Juana Portugal (INI/Fiocruz)
The international clinical trial HPTN 083 has proven that PrEP (HIV pre-exposure prophylaxis) containing CAB-LA (long-acting injectable Cabotegravir) used every eight weeks yielded efficacy superior to Truvada in the prevention of infection by the virus. “This is an unprecedented success for the field of HIV prevention. PrEP with CAB-LA is a new and powerful strategy that can really make a difference in controlling the HIV/Aids epidemic, emphasized Beatriz Grinsztejn, chief of the STDs and Aids Clinical Research Laboratory of the National Institute Infectious Diseases Evandro Chagas (INI/Fiocruz). Grinsztejn coordinated, on a global level, the clinical trial in partnership with Raphael Landovitz, associate professor of the Division of Infectious Diseases of David Geffen School of Medicine, at the University of California in Los Angeles (UCLA). The announcement was made last Wednesday (July 8), during the 23rd International Aids Conference (Aids 2020).
Study compared efficacy and safety in 4,570 HIV-negative PrEP volunteers containing CAB-LA with PrEP with Truvada.
The study was carried out by the HIV Prevention Trials Network (HPTN) and financed by the National Institute of Allergy and Infectious Diseases/National Institutes of Health (NIAID/NIH) of the United States. The HIV/Aids Clinical Trials Unit led by researcher Beatriz Grinsztejn has been a part of the HPTN since 1999.
HPTN 083 was the first large-scale clinical trial containing a long-acting injectable drug to prevent HIV infection. The trial compared the efficacy and safety in 4,570 HIV-negative PrEP volunteers containing CAB-LA and PrEP with Truvada.
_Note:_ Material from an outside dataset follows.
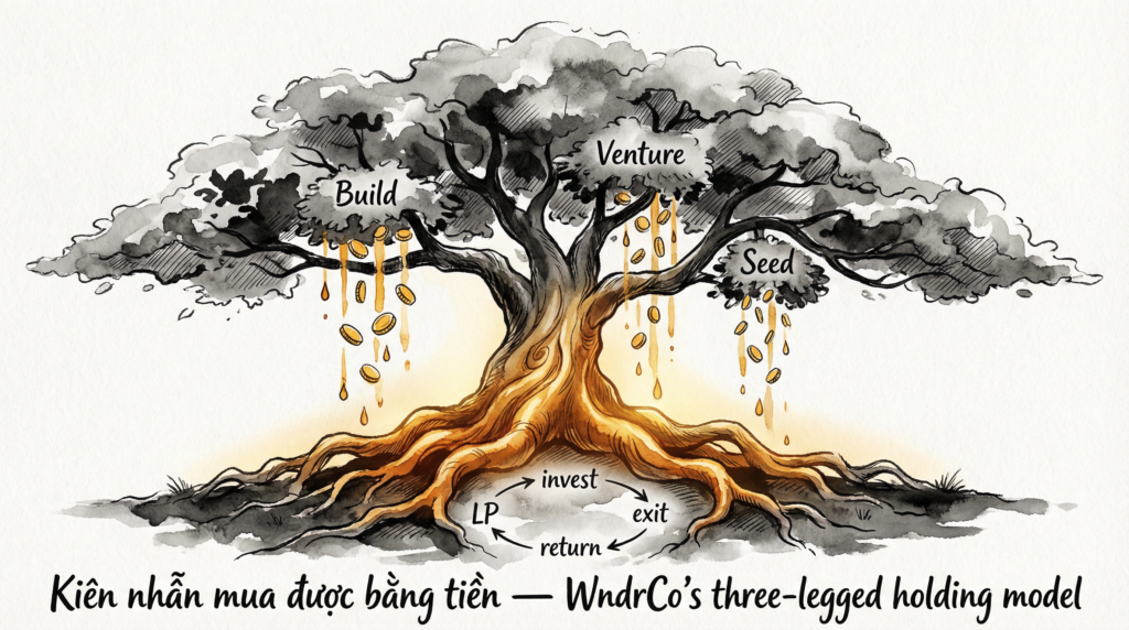 Ai từng làm trong hệ sinh thái tập đoàn Việt Nam sẽ thấy cấu trúc này quen. Masan, Vingroup — conglomerate dùng dòng tiền mảng bò sữa (cash cow) nuôi mảng tăng trưởng. Nhưng khác biệt quyết định: conglomerate Việt thường bù lỗ vertical yếu, giữ thị phần. WndrCo dùng tiền để mua thời gian cho bet tốt. Cùng cấu trúc, khác triết lý phân bổ vốn.

The subjects of the research were gay men, other men who have sex with men, transvestite and trans women who have sex with men, in 43 research centers in seven countries (South Africa, Argentina, Brazil, United States, Peru, Thailand, and Vietnam). Inclusion began in November 2016. Two thirds of the group of participants are under 30 years old, and 12% are trans women and transvestites. The clinical coordination of the trial at the STD and Aids Clinical Trial Laboratory of INI/Fiocruz was made by Lara Esteves Coelho, researcher of the unit, which is the research center with the highest number of participants (240) from among all other centers in the world.
The participants, all considered at increased risk of acquiring HIV, were randomly assigned to receive PrEP either containing long-acting injectable Cabotegravir (CAB-LA) every eight weeks or Truvada daily. According to the design of the clinical trial, each volunteer would be given Cabotegravir or Truvada for three years in the blind phase of the study (when neither the participants nor the researchers know which drug the patients are taking).
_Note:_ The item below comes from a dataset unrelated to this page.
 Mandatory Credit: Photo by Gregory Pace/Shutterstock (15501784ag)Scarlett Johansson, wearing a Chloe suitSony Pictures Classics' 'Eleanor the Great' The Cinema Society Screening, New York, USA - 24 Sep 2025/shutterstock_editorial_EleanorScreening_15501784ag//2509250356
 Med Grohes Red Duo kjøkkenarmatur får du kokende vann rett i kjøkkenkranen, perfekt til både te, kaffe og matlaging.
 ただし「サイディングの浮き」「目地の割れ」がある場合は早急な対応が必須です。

In the first of the three intermediary analysis in the protocol, the Data Monitoring and Safety Committee verified that the data showed PrEP containing long-acting Cabotegravir (CAB-LA) yielded superior results. Among those using Cabotegravir, the acquisition rate of HIV infection was 66% lower than among those using Truvada daily. From the total of 52 people who were infected by HIV during the study, 39 were allocated in the Truvada arm of the study, while only 13 were in the Cabotegravir arm.
“HPTN 083 was the first PrEP trial designed with a focus on the more vulnerable populations among the vulnerable, which had been little represented in previous PrEP trials: young people, black people, transvestites, and trans women. The results will help diminish disparities in access to PrEP benefits”, stated Grinsztejn. The trial was presented by Beatriz Grinsztejn during the 23rd International Aids Conference (Aids 2020), on 9 July.
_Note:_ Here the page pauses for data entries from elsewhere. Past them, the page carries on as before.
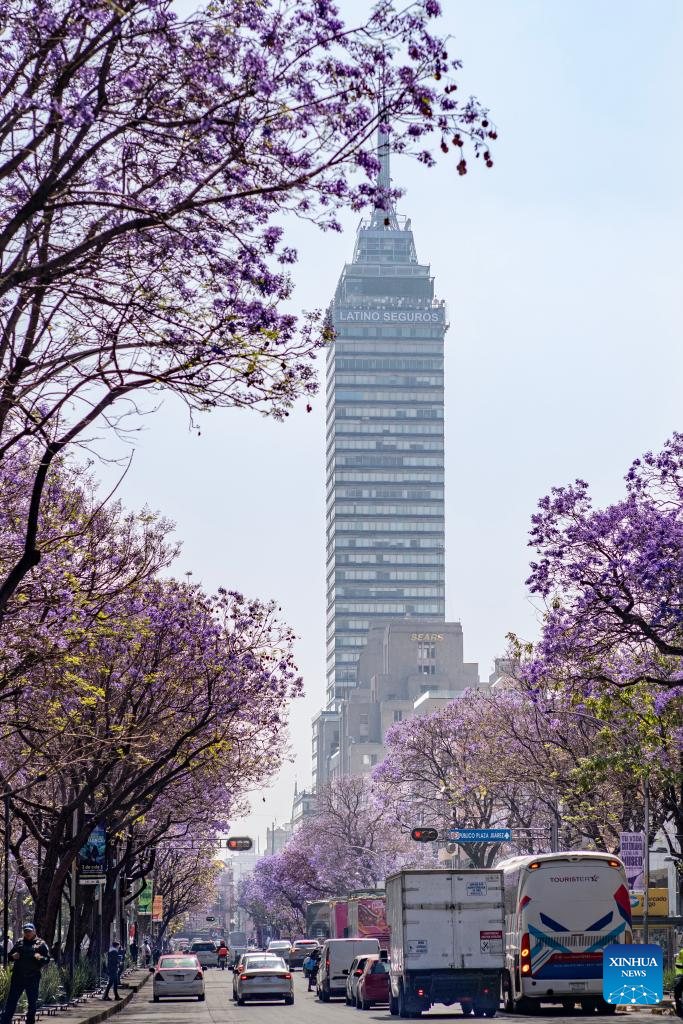 CIUDAD DE MEXICO, 26 marzo, 2026 (Xinhua) -- Imagen del 25 de marzo de 2026 de árboles de jacaranda en una calle frente a la Torre Latinoamericana, en la Ciudad de México, capital de México. (Xinhua/Li Muzi)
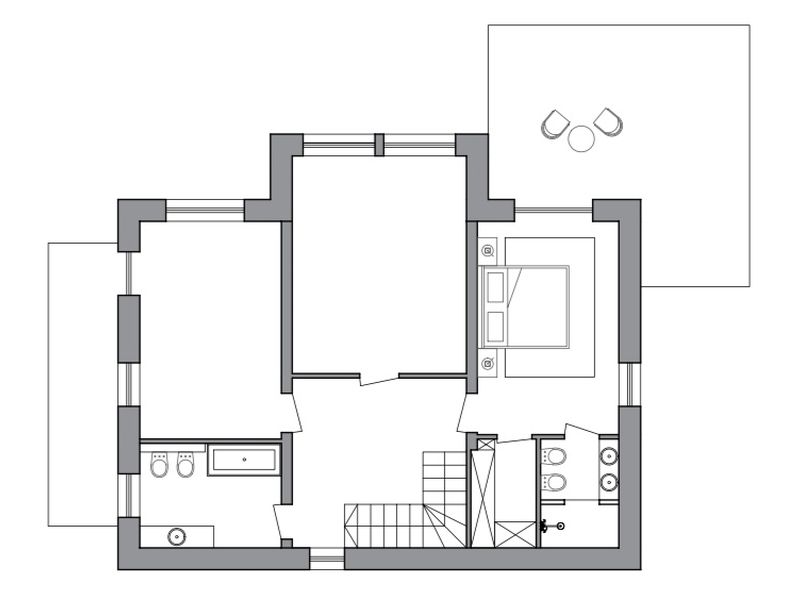 2 этаж: Хозяйский блок 24 м², в котором предусмотрен с/у. гардеробная и спальня, кабинет 15 м², детская спальня с лаунж-зоной и панорамным окном 26 м², общий с/у 8 м².
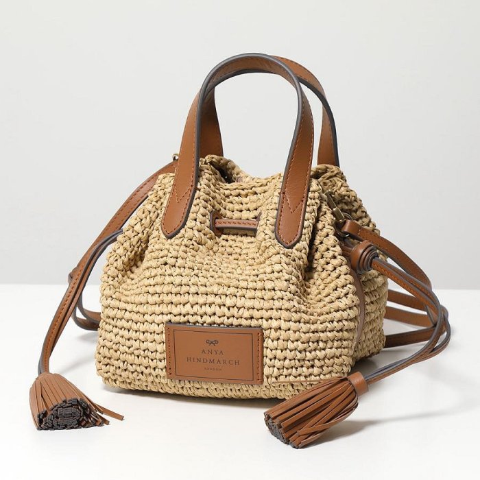 優寶購物《ubao.Tw》特貨品商城,黑貓宅配,取貨付款,【折扣預購】24春夏正品ANYA HINDMARCH 焦糖色皮革流蘇 米色草編包 抽繩束口肩背包 手提包 | Yahoo拍賣
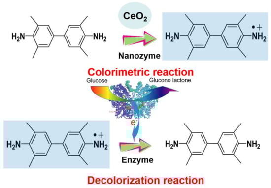 Schematic illustration for the CeO2-based catalyzed oxidation of TMB to yield blue oxTMB product and GOx-based decolorization.
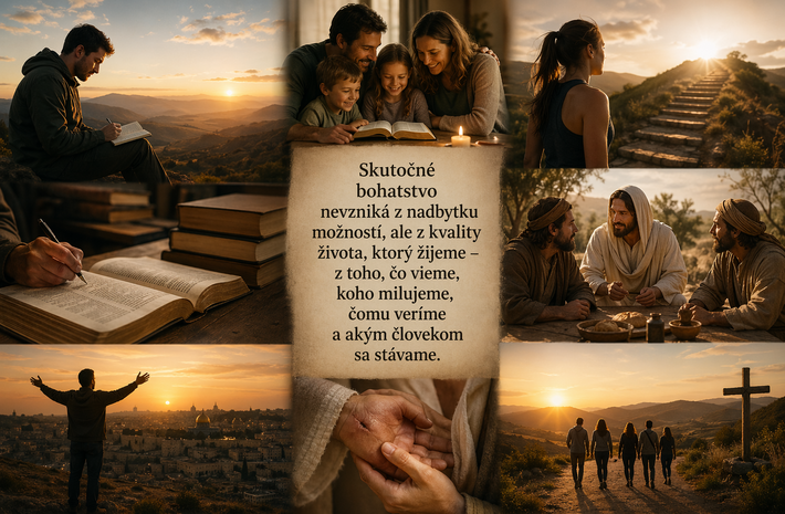 Bohatší život nestojí na objeme majetku, ale na odvahe rásť. Vyžaduje si čas na poznanie, vernosť vo vzťahoch, disciplínu charakteru, schopnosť niesť neistotu i ochotu hľadať zmysel za hranicou okamžitého úspechu. Veci možno kúpiť rýchlo, no múdrosť dozrieva pomaly. Komfort sa dá zabezpečiť, ale vnútorná hĺbka sa rodí len tam, kde človek vedome pracuje na sebe. Skutočné bohatstvo nevzniká z nadbytku možností, ale z kvality života, ktorý žijeme – z toho, čo vieme, koho milujeme, čomu veríme a akým človekom sa stávame.
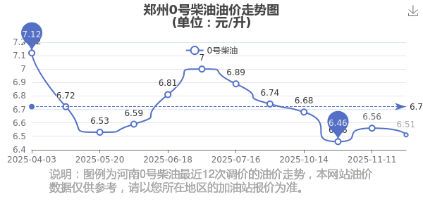郑州汽油、柴油12月4日每升的价格是多少?具体为:92号汽油为6.89元,降了0.06元;95号汽油为7.36元,降了0.06元;0号柴油为6.51元,降了0.05元,本轮油价的调整时间为11月25日。郑州下一轮油价调整时间12月8日24时,距离现在还有4.25天。
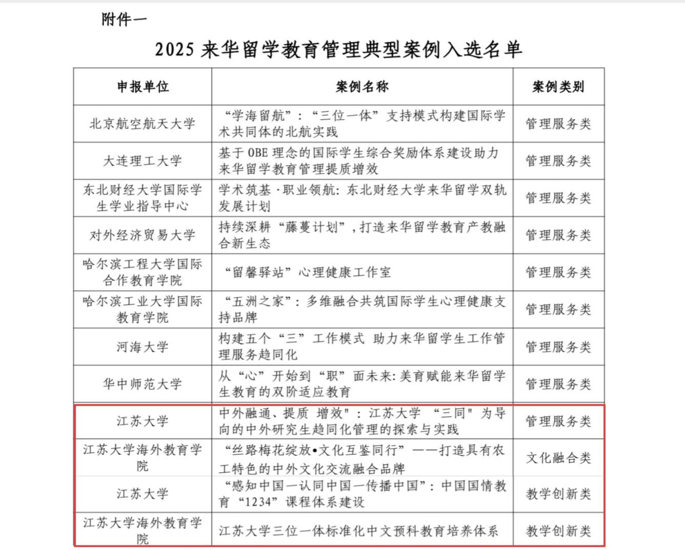 近日,中国高等教育学会外国留学生教育管理分会公布了2025年“学在中国”来华留学教育管理典型案例入选名单。beat365官网4项案例入选,入选总数在江苏省高校中位居首位。

The HIV Prevention Trials Network (HPTN) is a global network of collaborative clinical trials that brings together researchers, ethics specialists, members of the community, and other partners, to develop and test the safety and efficacy of interventions projected to prevent HIV acquisition and transmission. The HPTN collaborates with more than 85 research venues for clinical research in 19 countries, to evaluate new interventions and HIV prevention strategies in populations considered more vulnerable to infection. The HPTN research agenda - more than 50 ongoing or concluded trials with more than 161 thousand participants enrolled and validated - focuses mainly on the use of integrated strategies: use of anti-retroviral drugs (anti-retroviral therapy and pre-exposure prophylaxis); interventions for substance abuse, especially injectable drugs; behavioral interventions to reduce risk; and structural interventions.